At one point, in the face of heart, I managed to reach Bardella and asked if he thought that – after the Trusted Voting Monday – there could be another Snap election which could see him emerge as the next Prime Minister of France.
“We are working on it. This country has been deadlocked for more than a year. It is dangerous to leave France to derive like that and to leave those in power for decades the country. We want to do our best to stop mass immigration in France. If we come to power tomorrow, we will implement a referendum on the question of immigration,” he said.
And yet, little in France believe that President Macron will call another early parliamentary election, or even that he will leave his own role before the end of his mandate in 2027.
More likely, another attempt to find a path to a functional minority government. Having tried several times to conclude agreements on the right, some wonder if Macron could try something new.

“We think it is time for the president to try on the left because we will have a different method. We will try to reach the compromises. We have proposed a budget that will also make investments for the future, for a green transition … while taxing the richest people of their fortune,” said Arthur Delaport, a socialist party of Normandy.

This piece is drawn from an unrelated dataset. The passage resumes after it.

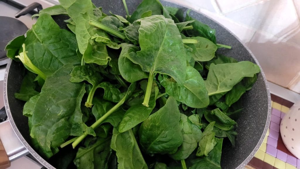 Comece pelo preparo dos espinafres que precisarão ser resfriados, lave-os e seque-os

While speculation continues on who could choose like his next Prime Minister, other challenges are looming.
There is more and more concentration here on the perspective, not only of an important industrial action in the coming weeks, but a wave of street demonstrations. A basic movement of the base is called “blocks everything”, was active on social networks, urging the French to bring the country to stop this Wednesday.
“There is a bubble of exasperation in the country,” said the commentator, Bruno Cautrès, offering a warning to Macron.
“Macron has been extremely, extremely active at the international level, in particular with Ukraine in the past two weeks. And I think it’s time that Macron speaks to the French. Because … there is a very high level of anger, frustration, tensions.”